One county in the state of Iowa decided to convert its alerting system to digital also, choosing a DiCal digital network from Swissphone. This now delivers fast alerting with much-improved indoor radio coverage. And because the Swissphone architecture does not require every base station to have its own IP connection, extra coverage can easily be added in any location where electrical power is available.
Josh Humphrey, who is responsible for emergency management at the Iowa County Sheriff’s Department, commented: “The DiCal system afforded us the ability to do a complete update with all infrastructure and terminal user equipment at half the cost of what traditional tone-voice infrastructure would have cost.”
France: enhanced coverage, faster alerting
In the Meurthe-et-Moselle department of France, volunteer firefighters previously relied on alerting transmitters installed at 80 local fire stations. But interference caused by unsynchronised transmissions in some cases resulted in poor reception, and volunteers often failed to receive their alert. But with the introduction of a modern Swissphone network, the number of base stations needed was slashed to just 39, radio coverage was improved, alerting times were shortened and interference became a thing of the past. And such was the success of the system, it soon persuaded the fire services in adjoining departments to follow suit.
“Our synchronised network allows us to save a lot of time, in particular when it is necessary to locate specialised officers at the departmental level,” said Jean-Yves Goncalves, head of radio transmission and IT services.
“The fact that Swissphone guarantees backwards compatibility for new components with the old generation of equipment further strengthens the protection of our investment.”

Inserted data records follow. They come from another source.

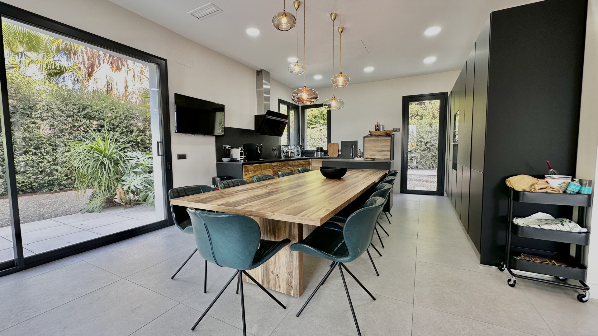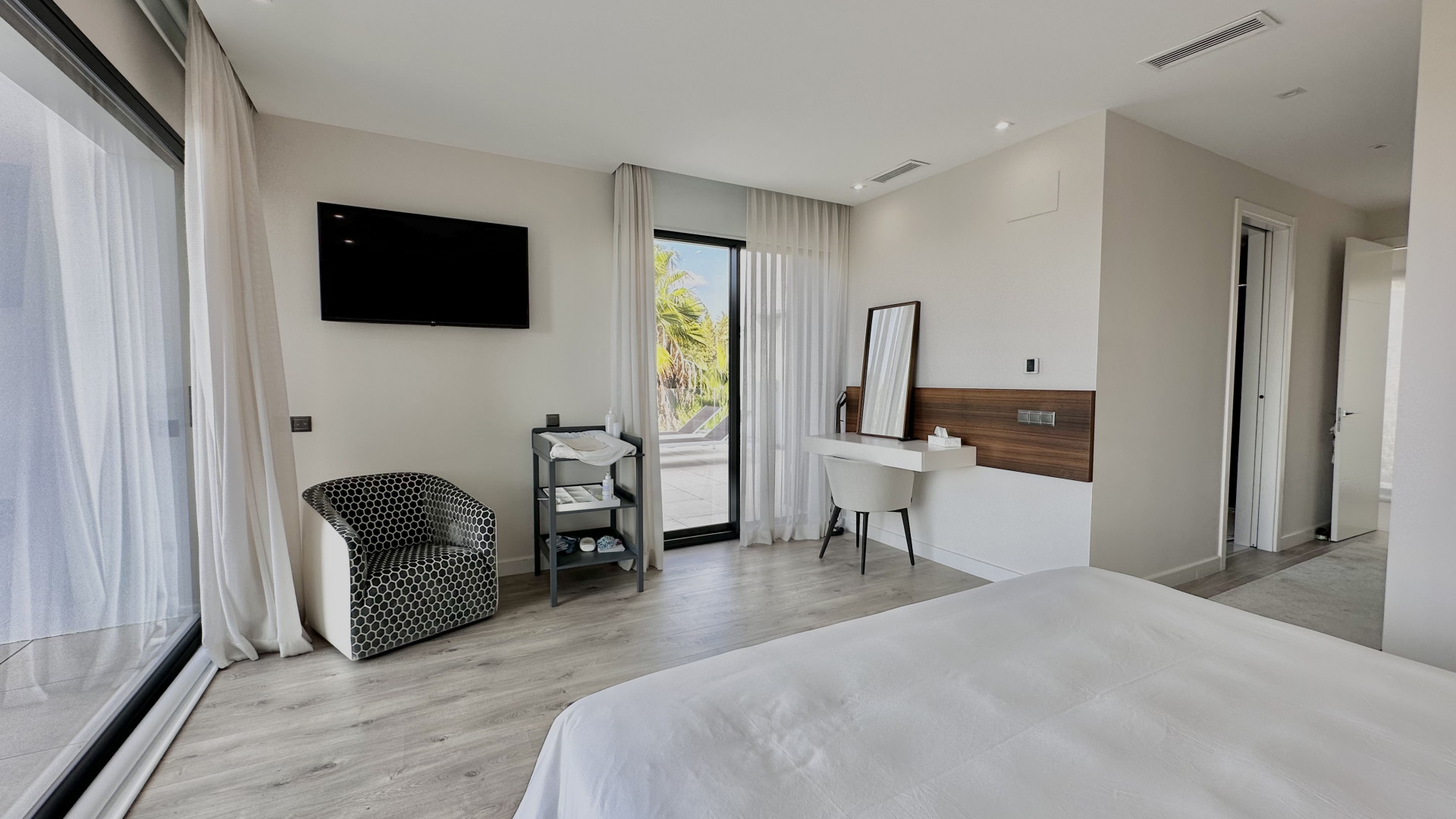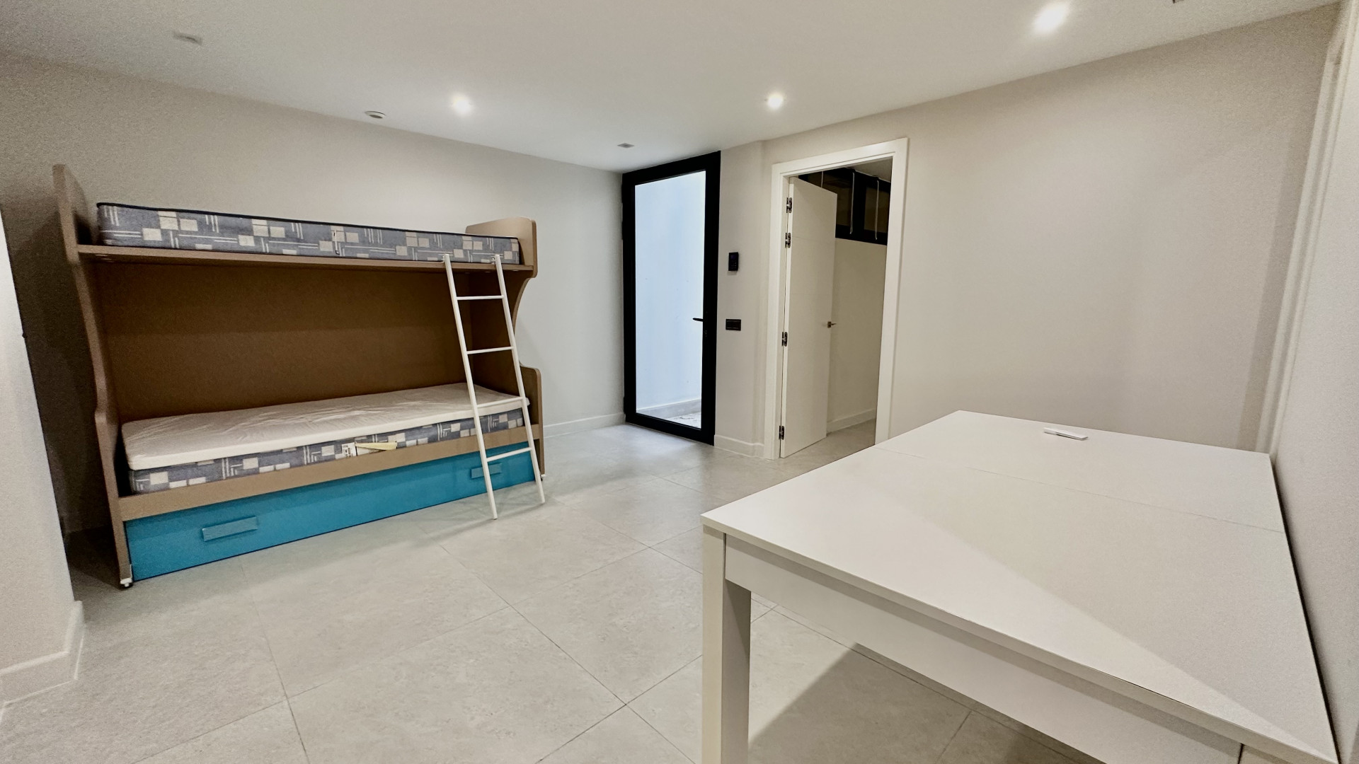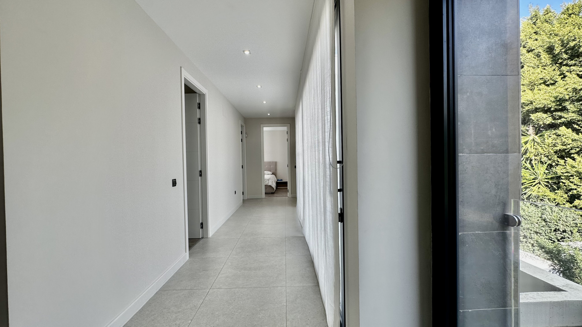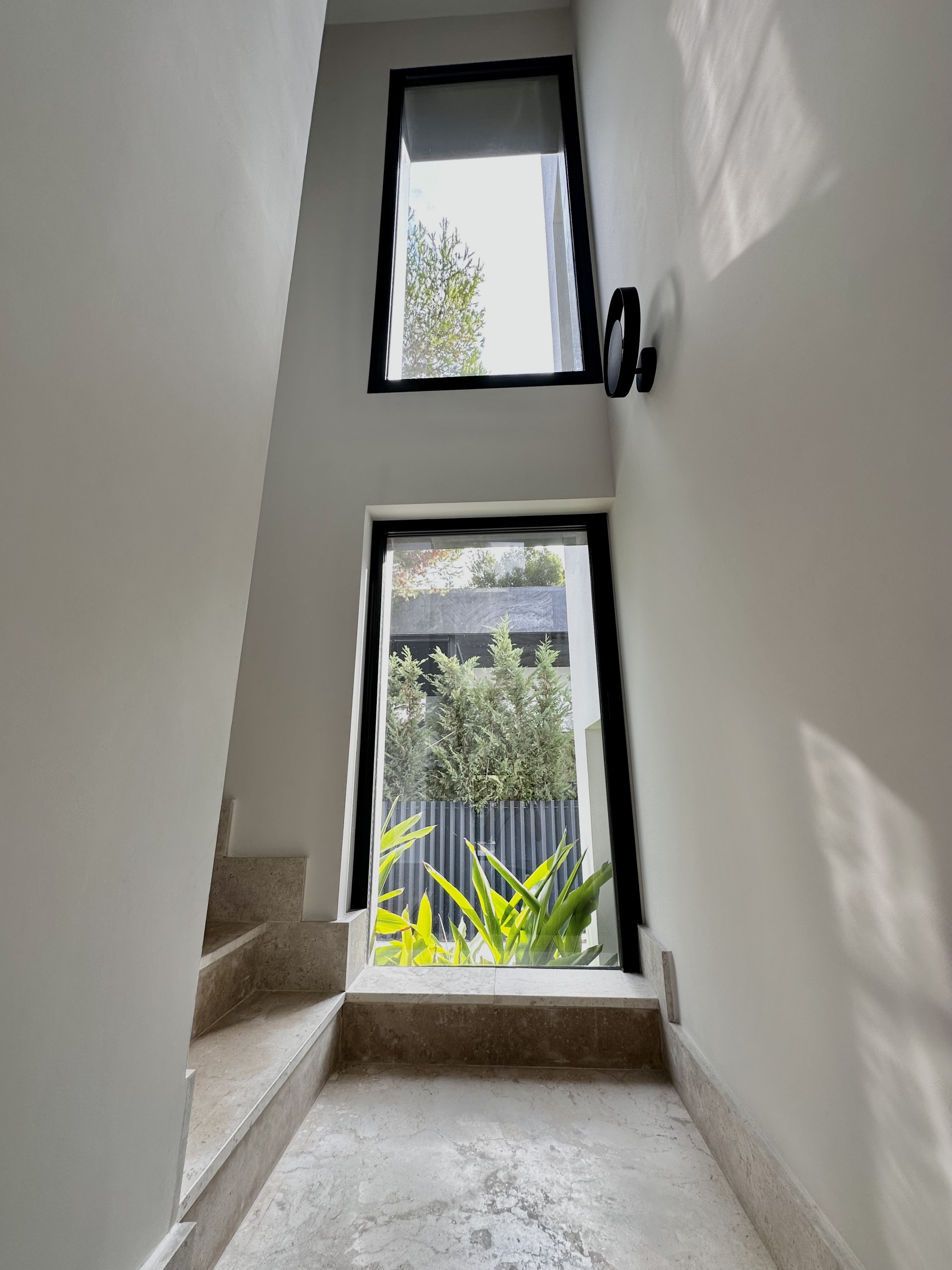 The ground floor consists of a spacious living room with open plan fully equipped kitchen and leads to the covered terraces and a garden, huge windows allows to have natural light all day around.
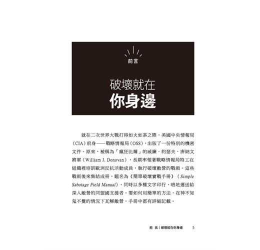 這些深具破壞力的行為其來有自,而且歷史悠久,是美國中情局(CIA)前身──美國戰略情報局(OSS)在二戰時,用來指示特工深入敵營暗中大搞破壞的戰術。這些行為表面上具有高度的正當性(誰能說「請示主管」或「開會」是錯的呢?),因此就像病毒一樣,殺傷力十足,能有效癱瘓敵軍效率,也幾乎無法預防。
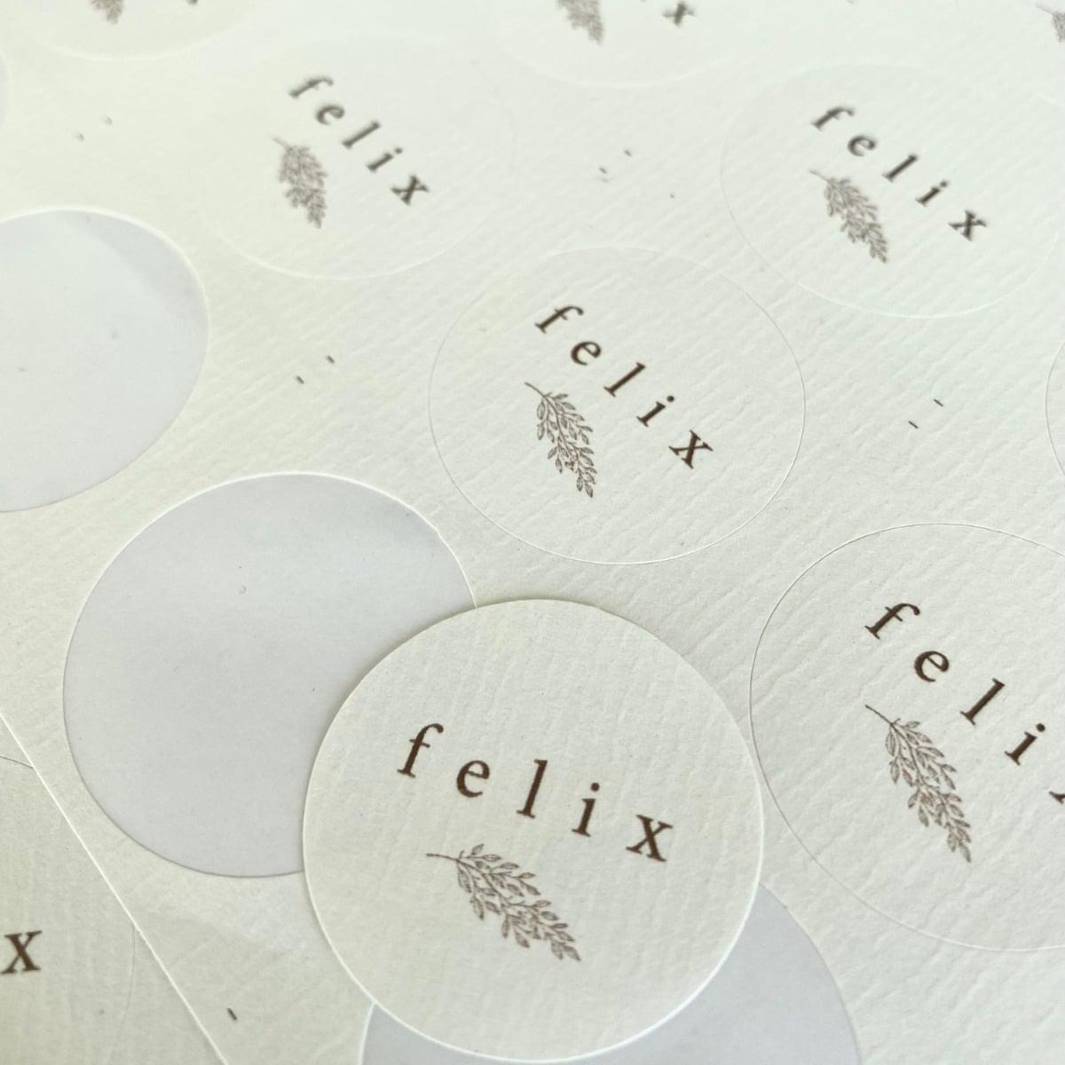 Sticker 30mm doorsnede (rond) op structuur offwhite papier
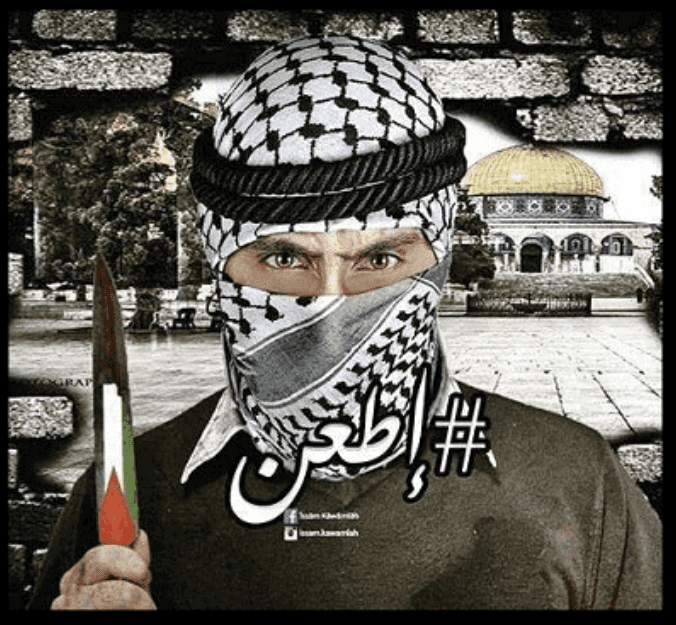 Hiba Miari, an UNRWA teacher, celebrated the recent Palestinian stabbing attacks against Israeli Jews with a cartoon of a masked Palestinian playing music on a giant knife, the kind used for stabbing:
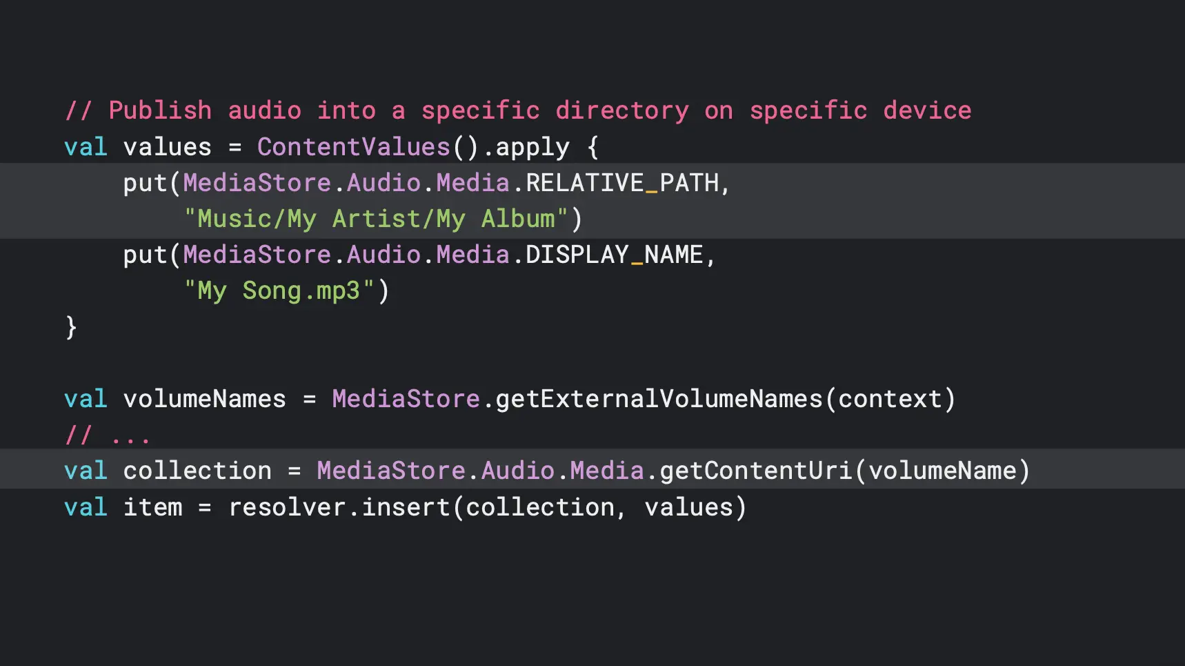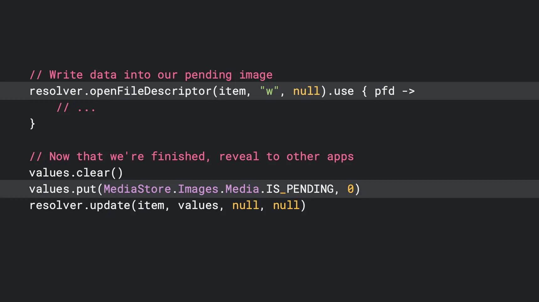 我们看到高亮的 IS_PENDING 这一行,这里是把 IS_PENDING 设为 True 的,表示对应的 item 还没准备好,希望系统能够暂时隐藏,直到准备好。这个是在执行一些运行时间比较长的处理,或者是等待加载的时候会比较有用。只有 item 的所有者程序,可以在项目被标记为 IS_pending 的时候去访问里面的内容。一旦你设置好了这些映射之后,并且确定了 item 的IS_PENDING 状态,接下来就只需要选择一个集合,然后讲然后将 item 存到里面就可以了。
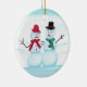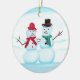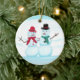 Añade algunos felices Navidades al árbol de Navidad con esta feliz pareja de nieve usando gorras y bufandas, y saludando, impreso en los adornos de cerámica colgados. También se puede personalizar con texto.

Germany: hybrid alerting, delegated control
In Saarland, one of Germany’s federal states, some 13,000 volunteers provide standby fire and rescue cover through 52 local fire brigades. A central emergency services control room alerts them via a Swissphone digital alerting network with end-to-end encryption to protect sensitive data.
Users carry Swissphone’s RES.Q two-way pagers, which maintain a feedback channel over the cellular phone network for acknowledging paging calls. This cellular connection can also be used for ‘hybrid’ alerting, as an additional fall-back for the normal POCSAG network. At the same time, the RES.Q pagers act as a backup for the main TETRA radiocommunication system.
Swissphone’s s.ONE software collects the responses and builds a visual display showing the availability of pager users. With a glance at this dashboard, the controller can judge whether deployment plans for various predefined scenarios are being satisfied.
“Alerting is a very important pillar in averting danger,” said Rainer Buchmann, director of Saarland’s integrated command and control centre. “Reliability is absolutely key, and this can best be guaranteed if all system components are optimally co-ordinated with each other. One manufacturer can guarantee this better than several manufacturers with different basic concepts.”
Italy: regional coverage, flexible control
In the mountainous South Tyrol region of Italy, a Swissphone digital paging network supports a number of volunteer rescue services as well as professional firefighters. It provides state-wide alerting within seconds, yet allows decentralised regional alerting by its nine districts and by designated commanders. Multiple fall-back modes enable radio base stations to interconnect over the air if their IP backbone is disrupted.
More recently, the brigade has gone further, migrating control of its local fire sirens over to the digital network. The fire sirens transmission is encrypted to prevent hacking of the system and false triggering.
“It is important to us that the individual districts are always able to alarm autonomously, even if the IT-backbone should not be available,” said Walter Oberrauch, Head of Technology at LFV, the regional fire service.